Records provided:
↓↓↓

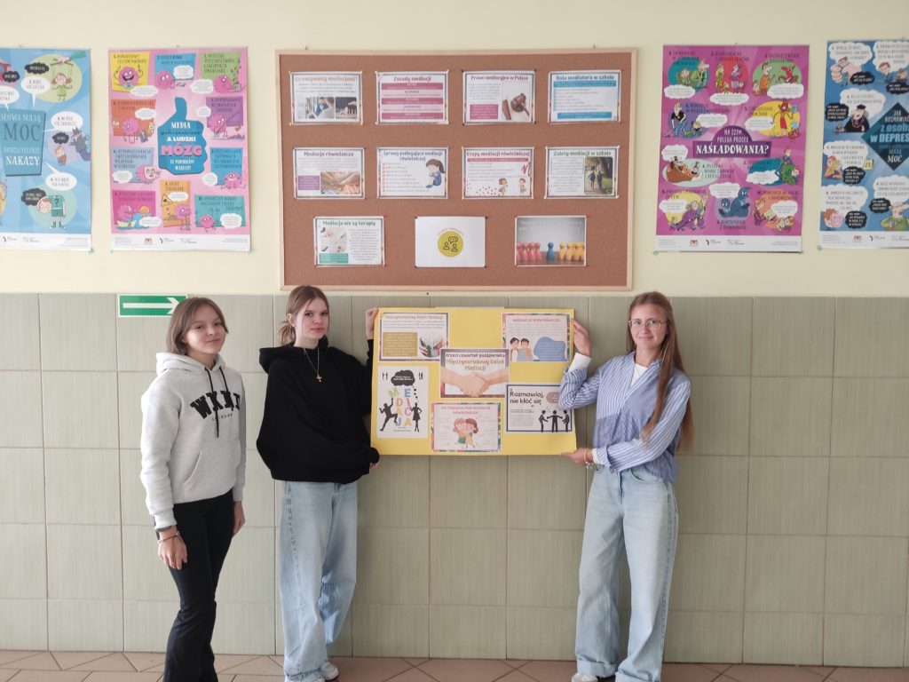 - Gazetka informacyjna: Na głównym korytarzu pojawiła się tematyczna gazetka szkolna, pełna ciekawostek, definicji i najważniejszych zasad mediacji. Była to doskonała okazja, aby w wolnej chwili poszerzyć swoją wiedzę o metodach ugodowego rozwiązywania sporów.
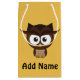 Personalizar esta tierna bolsa de regalo de búho marrón con un nombre o texto de su elección
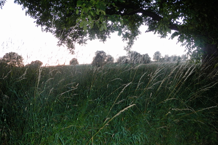 Das dämmrige Licht wird im Gehölz noch dunkler und beim Heraustreten sind auch über Mutschelbach die Nacht ein- und die ersten Glühwürmchen aufgebrochen.
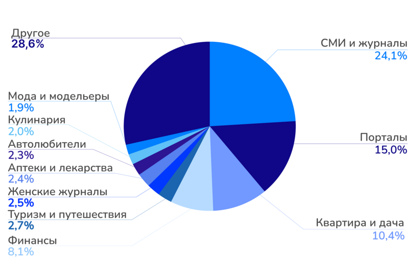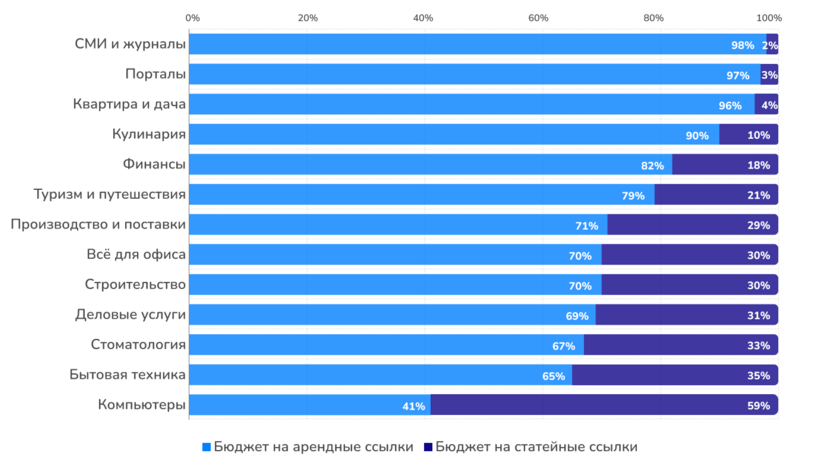 В ряде тематик – таких как СМИ, порталы, квартира и дача, кулинария – на аренду уходит 90% бюджета, поскольку они помогают охватывать широкий пул поисковых запросов. Вечные ссылки особенно востребованы там, где критично доверие – «Компьютеры», «Стоматология», «Бытовая техника», «Деловые услуги» – и используются для усиления ключевых страниц:
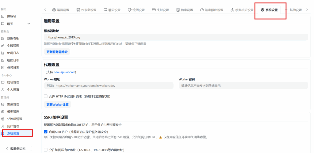 获取完上述信息之后,我们前往newapi的网页,在管理员账号下面,选择左侧栏中的系统设置,在右侧界面进入设置界面后,再次点击系统设置(注意,这里的系统设置是在上面页签处!如下图!)

↑↑↑

Exercise objective:
Take the line that contains "В ряде тематик" and all lines after it to the end of the material above, and copy them verbatim without any images.

Task answer:
 В ряде тематик – таких как СМИ, порталы, квартира и дача, кулинария – на аренду уходит 90% бюджета, поскольку они помогают охватывать широкий пул поисковых запросов. Вечные ссылки особенно востребованы там, где критично доверие – «Компьютеры», «Стоматология», «Бытовая техника», «Деловые услуги» – и используются для усиления ключевых страниц:
 获取完上述信息之后,我们前往newapi的网页,在管理员账号下面,选择左侧栏中的系统设置,在右侧界面进入设置界面后,再次点击系统设置(注意,这里的系统设置是在上面页签处!如下图!)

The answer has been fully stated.